Read the records and gather each line that includes "than".

[Data excerpts]
-.-.-
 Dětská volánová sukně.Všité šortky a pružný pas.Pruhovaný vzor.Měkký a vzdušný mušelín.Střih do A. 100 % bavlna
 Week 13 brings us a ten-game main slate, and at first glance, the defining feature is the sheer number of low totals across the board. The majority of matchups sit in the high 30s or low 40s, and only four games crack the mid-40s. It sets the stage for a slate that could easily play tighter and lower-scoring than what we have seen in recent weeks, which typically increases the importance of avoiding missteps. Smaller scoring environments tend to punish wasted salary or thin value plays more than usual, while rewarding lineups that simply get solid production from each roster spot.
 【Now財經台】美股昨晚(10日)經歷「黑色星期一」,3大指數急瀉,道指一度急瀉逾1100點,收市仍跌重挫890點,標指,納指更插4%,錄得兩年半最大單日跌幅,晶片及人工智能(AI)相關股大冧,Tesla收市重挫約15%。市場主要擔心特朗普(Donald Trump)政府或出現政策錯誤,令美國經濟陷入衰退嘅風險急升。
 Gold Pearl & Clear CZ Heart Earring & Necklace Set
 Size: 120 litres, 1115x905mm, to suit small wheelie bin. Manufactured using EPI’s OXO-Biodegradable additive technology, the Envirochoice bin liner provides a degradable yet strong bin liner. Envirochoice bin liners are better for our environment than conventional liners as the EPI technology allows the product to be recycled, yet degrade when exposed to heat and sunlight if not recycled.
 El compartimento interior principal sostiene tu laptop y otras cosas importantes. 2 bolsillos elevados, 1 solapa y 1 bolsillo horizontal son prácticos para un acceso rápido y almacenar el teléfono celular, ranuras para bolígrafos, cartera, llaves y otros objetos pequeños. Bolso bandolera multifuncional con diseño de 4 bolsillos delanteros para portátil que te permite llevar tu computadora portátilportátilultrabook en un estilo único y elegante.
-.-.-
Completed exercise:
 Week 13 brings us a ten-game main slate, and at first glance, the defining feature is the sheer number of low totals across the board. The majority of matchups sit in the high 30s or low 40s, and only four games crack the mid-40s. It sets the stage for a slate that could easily play tighter and lower-scoring than what we have seen in recent weeks, which typically increases the importance of avoiding missteps. Smaller scoring environments tend to punish wasted salary or thin value plays more than usual, while rewarding lineups that simply get solid production from each roster spot.
 Size: 120 litres, 1115x905mm, to suit small wheelie bin. Manufactured using EPI’s OXO-Biodegradable additive technology, the Envirochoice bin liner provides a degradable yet strong bin liner. Envirochoice bin liners are better for our environment than conventional liners as the EPI technology allows the product to be recycled, yet degrade when exposed to heat and sunlight if not recycled.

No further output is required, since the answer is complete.